F: To say nothing of the Nobel jury.
C: Oh Christ, this is a disaster. We’ve got to sort this out. Hang on hang on, here’s a thought,… What about something like “Never in the field of human ugliness have I seen anyone as ugly as you, you ugly cow.” Has a certain rhetorical feel to it, more statesmanlike, wouldn’t you say?
F: True, it’s an improvement, but… still, I think it needs something else. You’d been drinking you say?
C: Excessively.
F: Maybe you could use that. How about “My dear, you appear to be extremely ugly, but, then again, I am completely pissed.”
C: I like it, makes me sound manly. The people like a man who likes a drink. That’s something I’ve always had going for me. So, so, wait, let’s see, something like “So ugly are you and so drunk am I that it would be better that I should vomit on your face and…something blah blah…” Going for the rude charm vote. Treat them mean, and all that.

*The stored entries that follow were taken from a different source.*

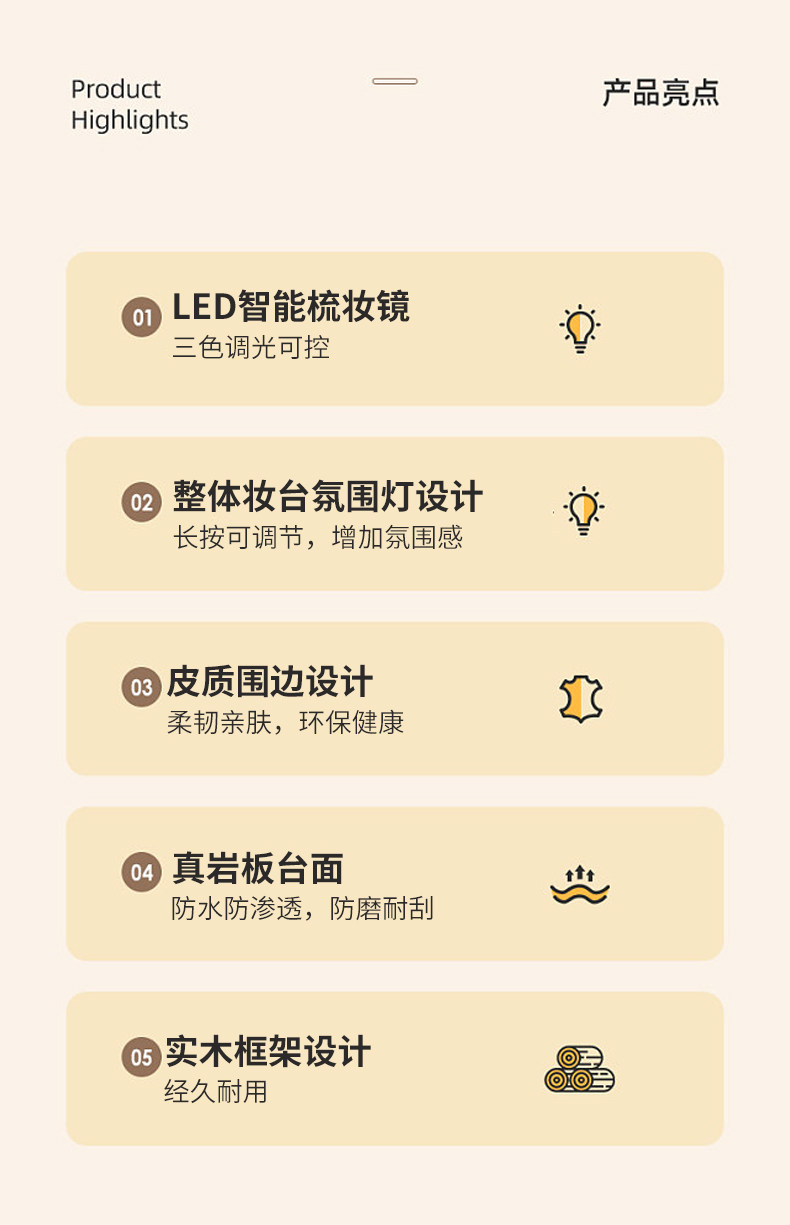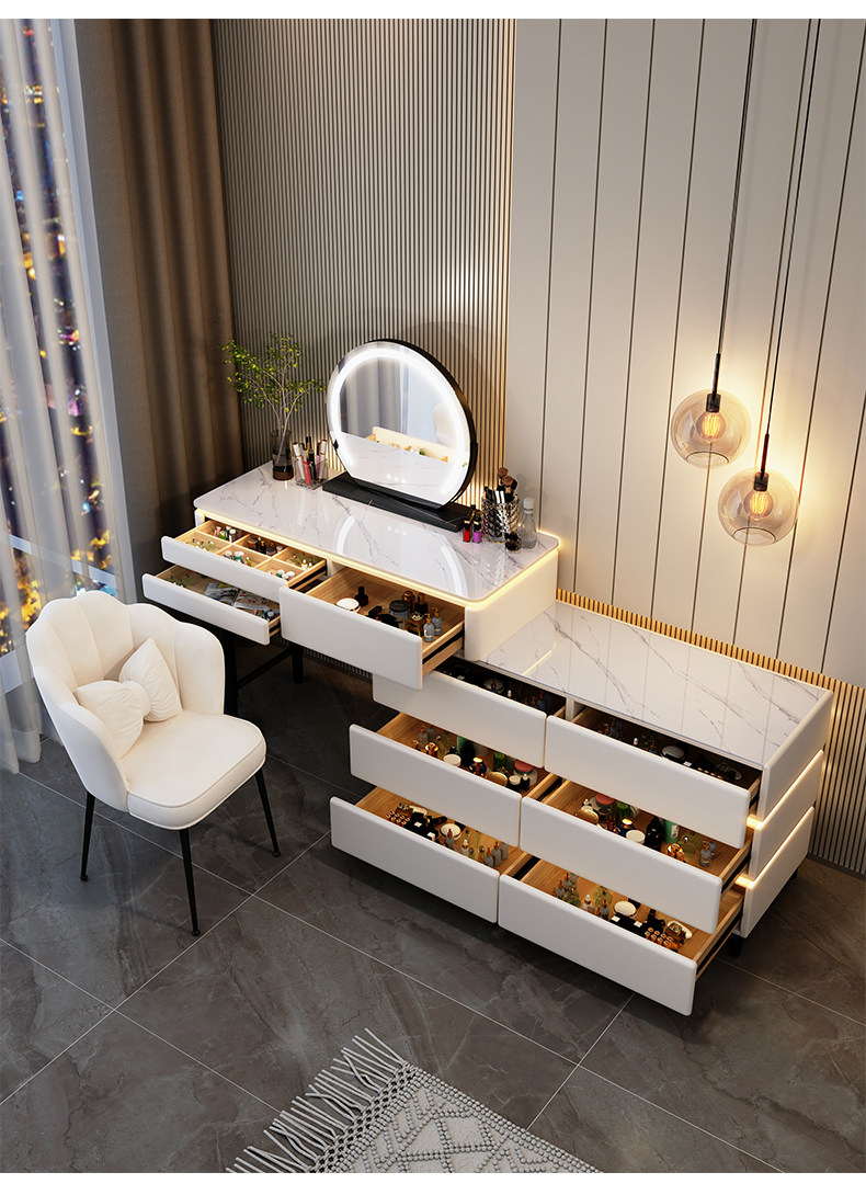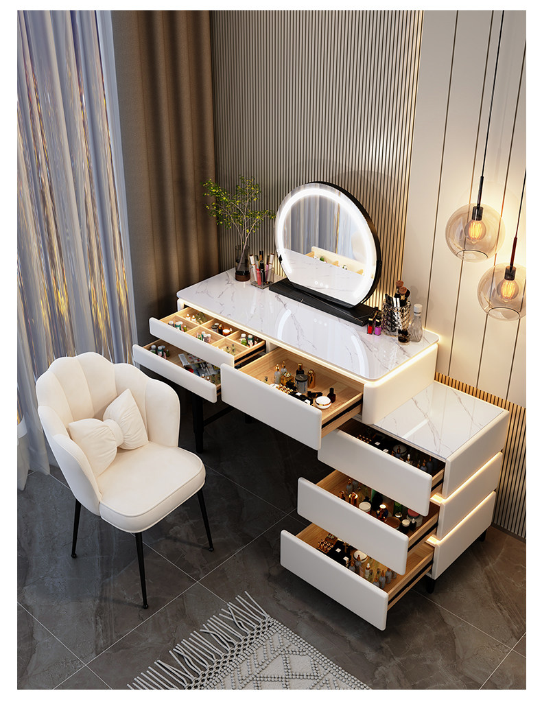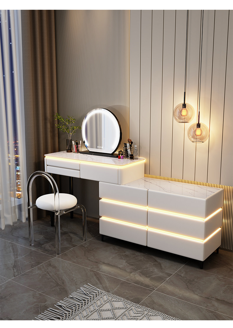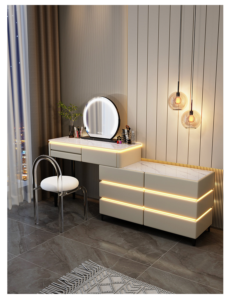 实木奶油风氛围灯梳妆台卧室现代简约一体网红轻奢网红爆款化妆桌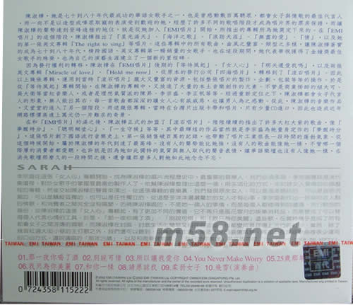 女人心(m58.net) 陳淑樺,她是七十到八十年代最成功的華語女歌手之一,也是曾感動數百萬聽眾,都會女子與情歌的最佳代言人,而一向不是以造型或嘩眾取寵的表演受到歡迎的她,經歷了許多不同的歌唱階段才成為唱片界的票房保證,而讓陳淑樺的聲勢達到登峰造極的地位,就是從她加入[EMI唱片]開始,所推出的專輯所為她奠定下來的。在[EMI唱片]的這個階段,陳淑樺推出了[星光滿天]、[海洋之歌]、[浪跡天涯]、[無盡的愛]、[情],以及她的第一張英文專輯[The right to sing]等唱片。這些專輯中的所有歌曲,曲風之豐富 、類型之多樣,讓陳淑樺著實的成為七十到八十年代,橫跨國語、英文專輯第一暢銷量的女歌手。也在這段期間,她代表華視獲得了金鐘獎最佳女歌手的殊榮,也為自己的演藝生涯建立了一個新的里程碑。 因為發行權利的轉移,陳淑樺在[EMI唱片]后期的[等待風起]、[女人心]、[明天還愛我嗎],以及兩張英文專輯[Miracle of love]、[Hold me now],從原本的發行公司[四海唱片],轉移到了[滾石唱片]。因此以上幾張專輯,運用到當時[滾石唱片]龐大又豐富的資源,包括整張唱片的制作、企劃、包裝等等的操作。于是從[等待風起]專輯開始,在陳淑樺的專輯中,又放進了大量的本土音樂創作的元素。不管是商業掛帥的鈕大可、吳大衛等當紅音樂人,或者是理想氣質派的陳升、李宗盛、李正帆等等。經過重新定位之下,陳淑樺都會女子代言人的形象,無人能出其右。每一首歌曲都深深地讓女人心有戚戚焉,也讓男人為之感動。從此,陳淑樺的音樂作品,又堂堂的進入了另一個階段。而這幾張專輯,當時在臺灣只出版卡帶和唱片,只有少量CD進口,因此也造成近年網路標價高達上萬元仍一片難求的奇景。 在和[EMI唱片]約滿之后,陳淑樺正式的加盟了[滾石唱片]。陸陸續續的推出了許多大紅大紫的歌曲,像[夢醒時分]、[聰明糊涂心]、[一生守候]等等。其中最輝煌的作品當然就是李宗盛為她量身定作的[夢醒時分],這張唱片創下國語流行音樂史上,第一張銷售破百萬的記錄,也帶動了唱片工業很長一段時間的蓬勃氣象。從這個時候開始,屬于陳淑樺的年代到達了最高峰。沒有人的聲勢能比她強,沒有人的歌曲能像她一樣,不管哪一個階層的消費者都愛聽,也許就是因為她如此獨特的氣質與無人取代的聲音表情,讓華語樂壇也沒有人像她一樣,在消失歌壇那么久的一段時間之后,還會讓那么多人對她如此地念念不忘。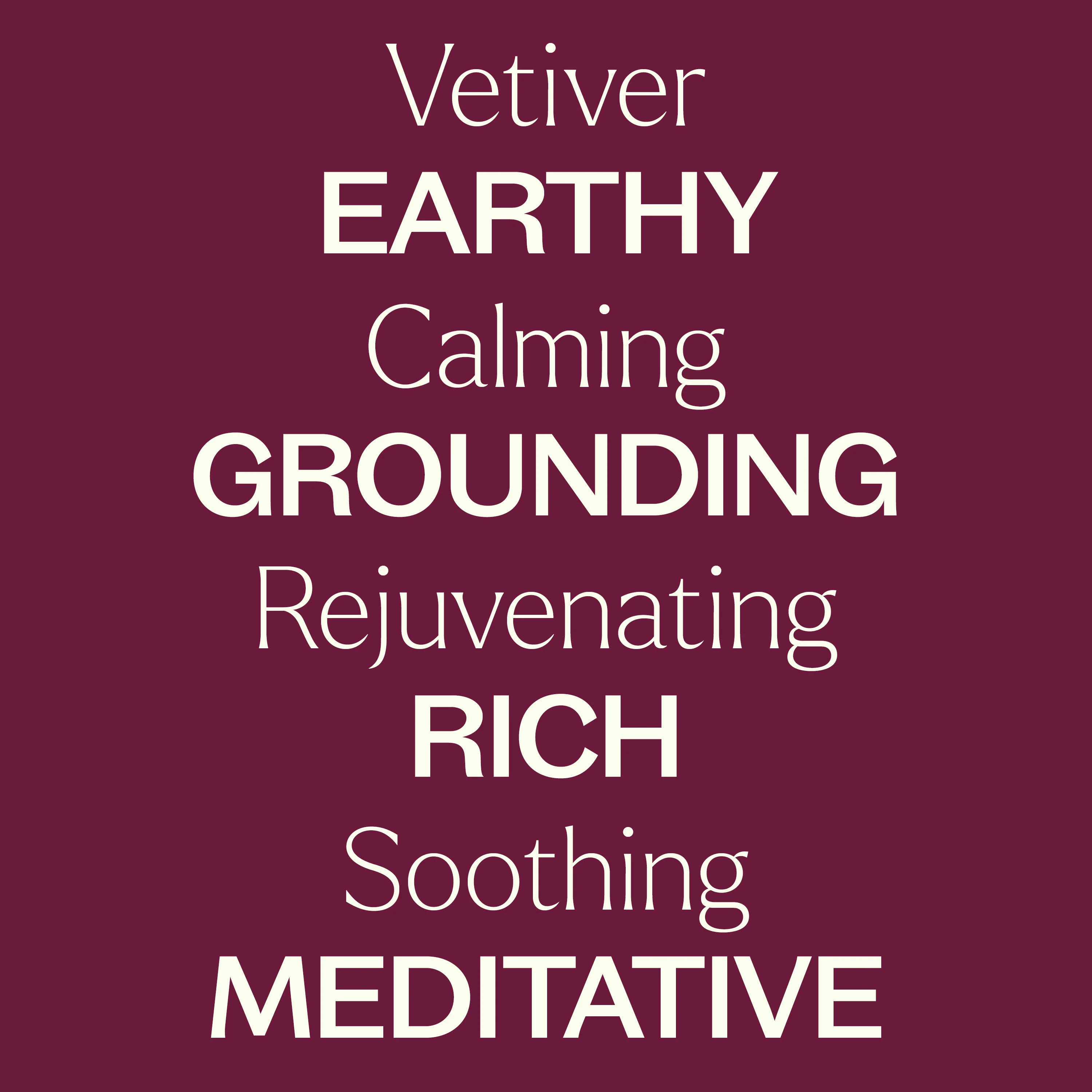 Bergamot, Clary Sage, Cypress, Frankincense Serrata, Helichrysum Italicum, Lavender, Lemon, Marjoram Sweet, Myrrh, Patchouli, Black Pepper, Sandalwood Australian.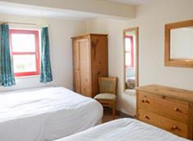 Tornage: “The Lime Kiln”This cottage has a spacious ground floor kitchen/living/dining area, fitted with a kitchen with electric cooker and grill, microwave oven and all necessary cooking and dining equipment. The room has a pine table and chairs by the patio doors that open to a barbeque area. There is a 3-seater sofa bed, 1 two seater sofa and 2 arm chairs, the sofa bed is suitable for sleeping 2 extra persons, the area is also fitted with a pellet burning stove room heater. All bedrooms are on the ground floor, 2 room with king & single bed, 1 with wet-room en-suite, which is wheelchair accessible and 1 with bathroom. The cottage has an oil fired central heating system and a solar panel to assist with heating domestic water. The cottage is in the grounds of An Creagán with a wide range of activities and events for all the family.

F: I think we’re veering away again. But the drunk line is good. Maybe if we introduced a dialogue element. Something Socratic, appeal to the intellectuals, the sort that like to regurgitate witty put-downs at dinner parties.
C: Right, of course, good, so I say, yes this is it I say “God you’re ugly” and she says “Who are you calling ugly you pissed old bastard” and I say “You, you ugly cow. Now fuck off, I’m going to bed.”
F: Winston, you are a genius.

History is, of course, written by the winners. Or, in Churchill’s case, people who write huge volumes of history.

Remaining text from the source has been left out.